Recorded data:
========

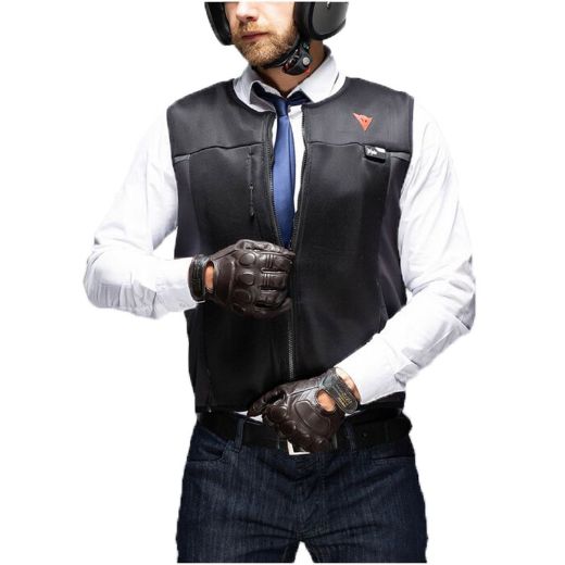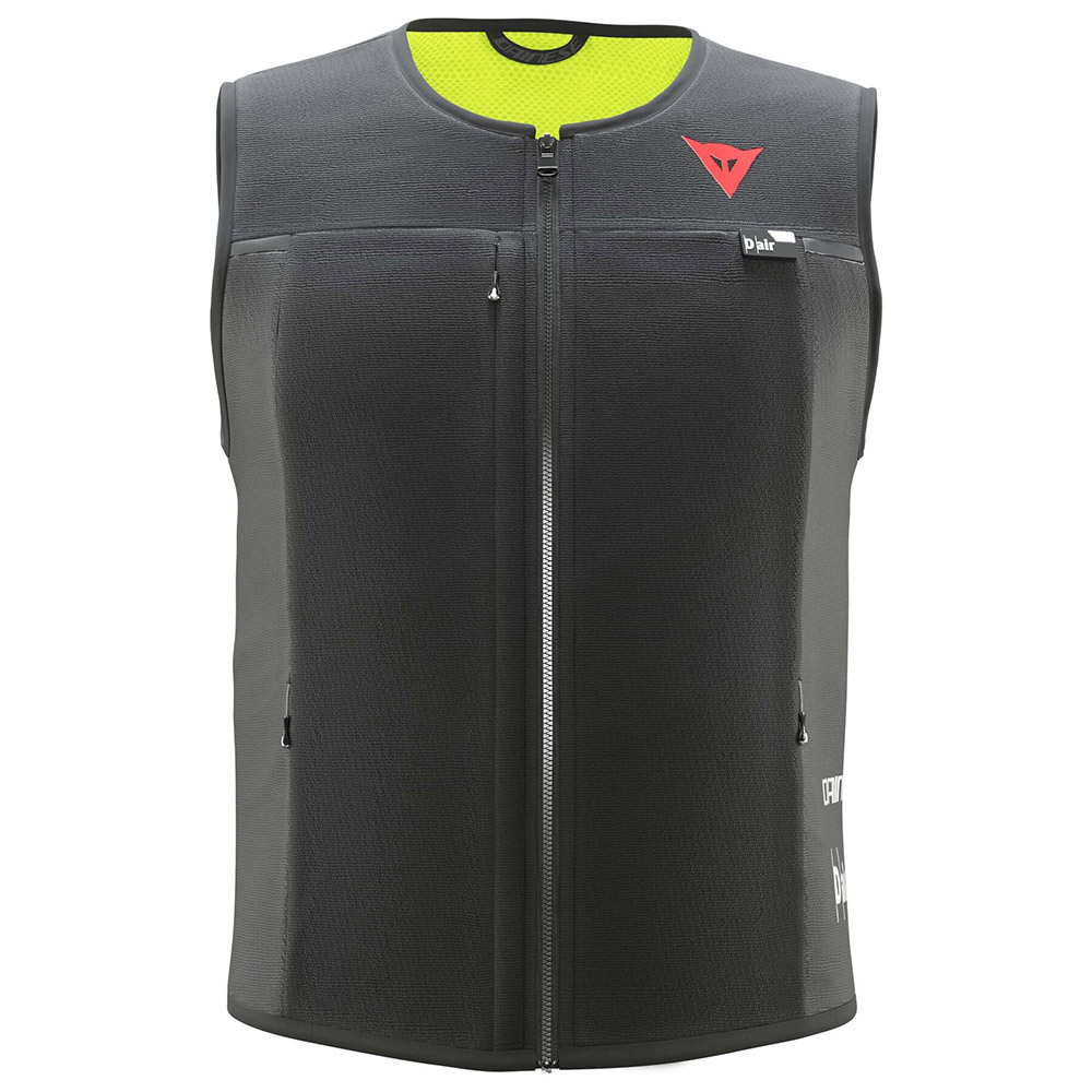 Dainese Smart Jacket D-AIR γιλέκο σε μαύρο χρώμα και φωσφορίζον κίτρινο εσωτερικό. Το Smart Jacket μπορεί να φορεθεί πάνω ή κάτω από οποιοδήποτε άλλο μπουφάν ή στολή και δεν απαιτεί σύνδεση με τη μοτοσικλέτα.
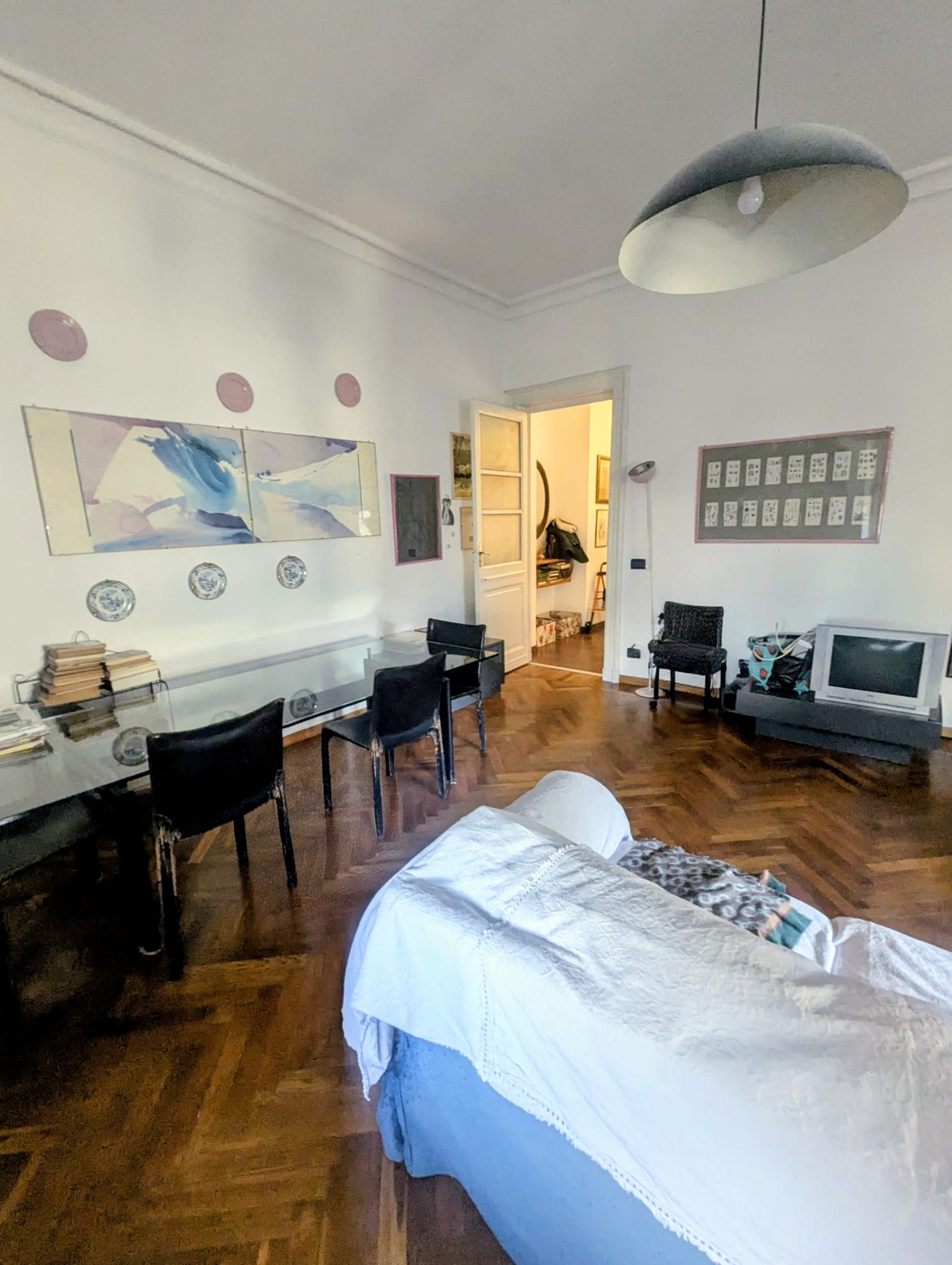 A pochi passi dal Tribunale e da piazza Benefica, comodo alla stazione di ferroviaria e della metro di Porta Susa, in stabile d'epoca ottimamente mantenuto proponiamo luminoso alloggio di ca. 118 MQ composto da:
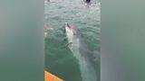 People urged to avoid area where "boisterous" dolphin was seen jumping on two swimmers
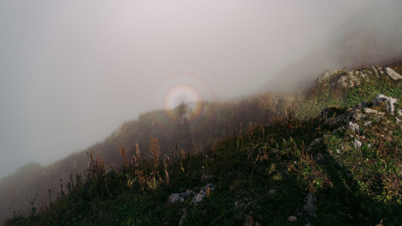 В горах Сочи снова наблюдали редкие атмосферные явления — «брокенский призрак» и «глорию». Об этом рассказали авторы телеграм-канала «Погода в Сочи». Фотографии явления удалось запечатлеть местному фотографу.
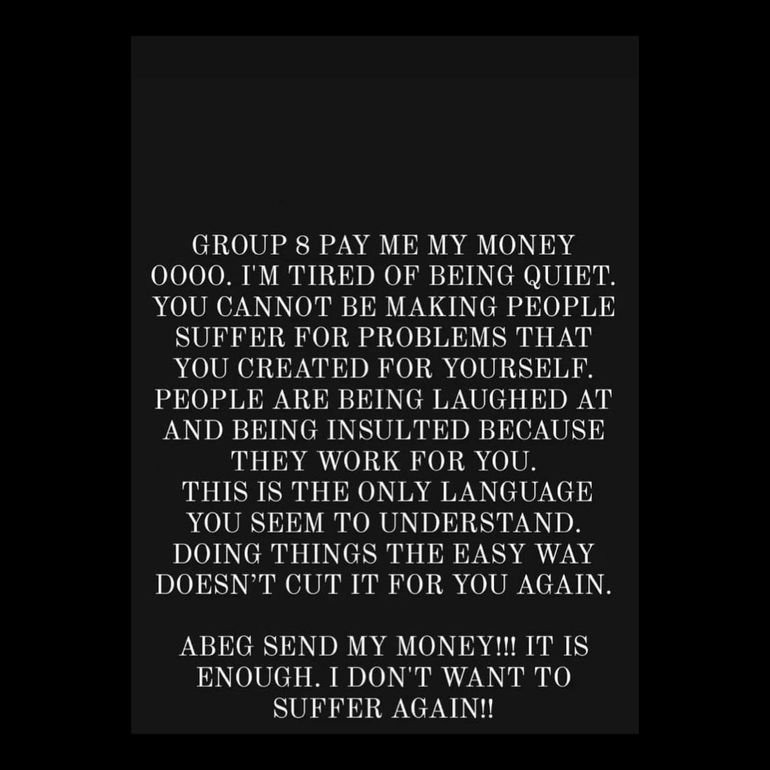 Group8’s got quite a reputation, and genuinely, we would like to know.. quite honestly, how those who work there are doing. Really, how are you doing? Are you good? When last did you get paid? It’s essential to have these conversations.
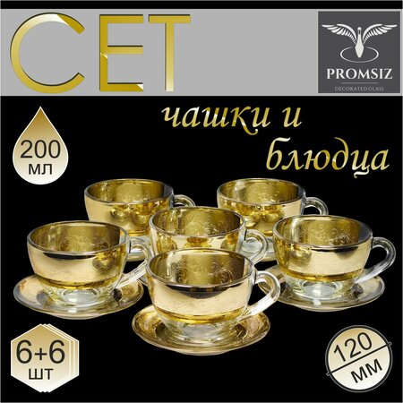 Подарочный чайный набор с алмазной гравировкой PROMSIZ "ГИПНОЗ" / Чашки с блюдцами / 12 предметов
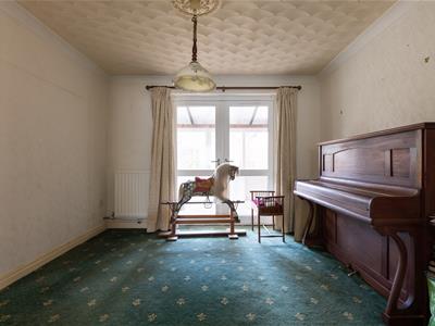 3.25m x 3.15m (10'8" x 10'4")Double glazed French doors to Conservatory, ceiling cornices, radiator.
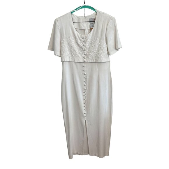 This vintage white pencil dress features an embroidered faux bolero top, offering a unique couture-like style perfect for special occasions. Its timeless design and elegant fit make it a standout piece.
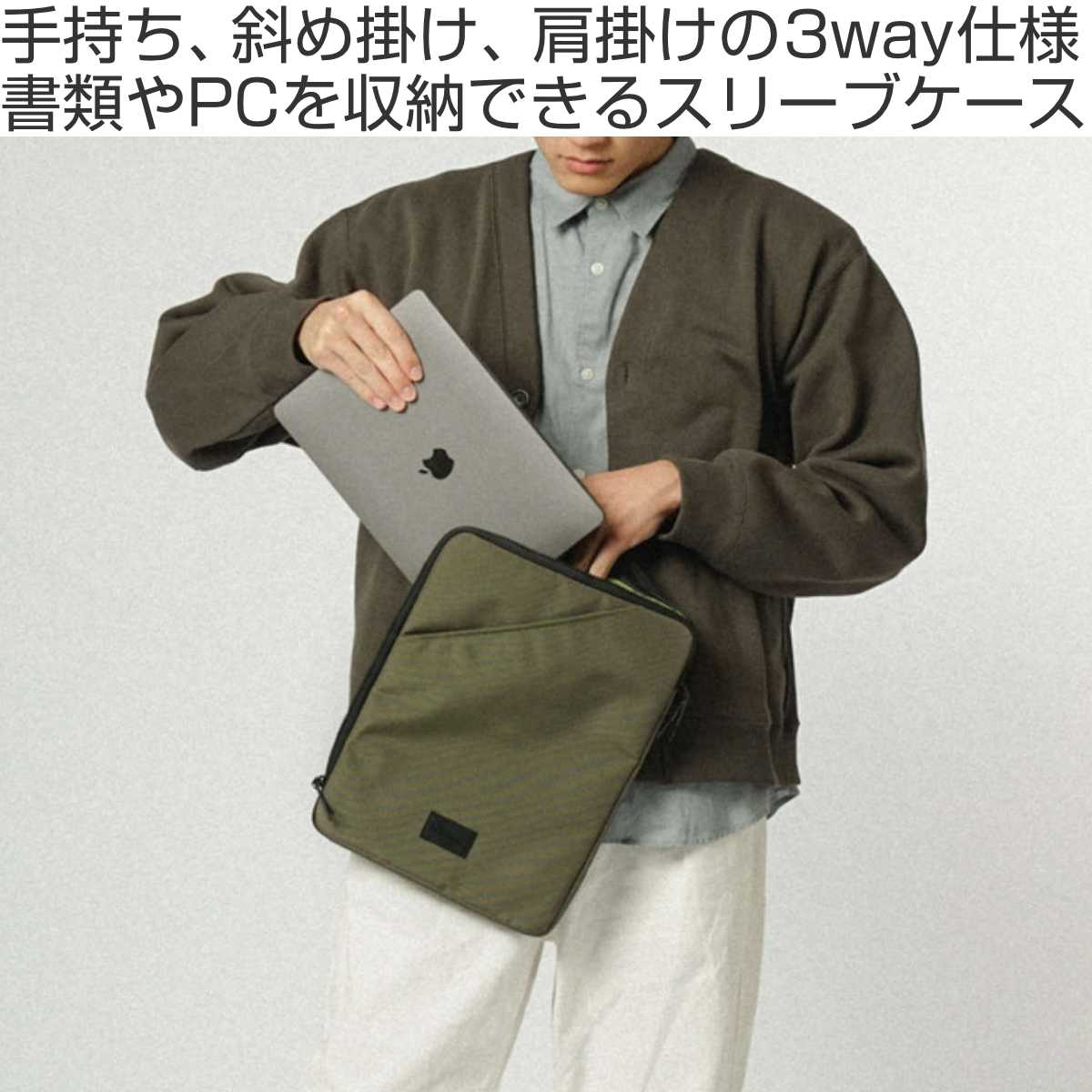 ●手持ち、斜め掛け、肩掛けができる3wayタイプのスリーブケースです。
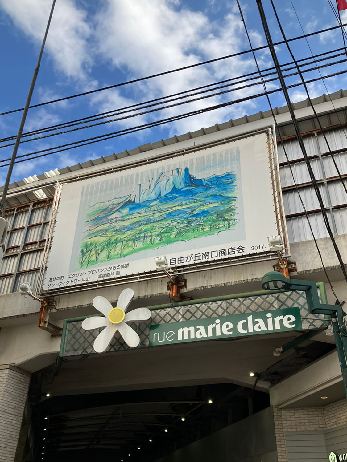 南口近くの壁画と、マリ・クレール通りの表記。自由が丘の住民に聞くと「マリ・クレールのお店はなくなったのに、通りの名前に残っているのよね」とのことで、通りの名前の由来とは異なる説が浸透しているようだ。

========

**Aim of the task:** What you set down should be exactly the lines from the line containing "Group8’s got quite" to the last line of the entries above, both included, with no pictures.

**Task output:**
 Group8’s got quite a reputation, and genuinely, we would like to know.. quite honestly, how those who work there are doing. Really, how are you doing? Are you good? When last did you get paid? It’s essential to have these conversations.
 Подарочный чайный набор с алмазной гравировкой PROMSIZ "ГИПНОЗ" / Чашки с блюдцами / 12 предметов
 3.25m x 3.15m (10'8" x 10'4")Double glazed French doors to Conservatory, ceiling cornices, radiator.
 This vintage white pencil dress features an embroidered faux bolero top, offering a unique couture-like style perfect for special occasions. Its timeless design and elegant fit make it a standout piece.
 ●手持ち、斜め掛け、肩掛けができる3wayタイプのスリーブケースです。
 南口近くの壁画と、マリ・クレール通りの表記。自由が丘の住民に聞くと「マリ・クレールのお店はなくなったのに、通りの名前に残っているのよね」とのことで、通りの名前の由来とは異なる説が浸透しているようだ。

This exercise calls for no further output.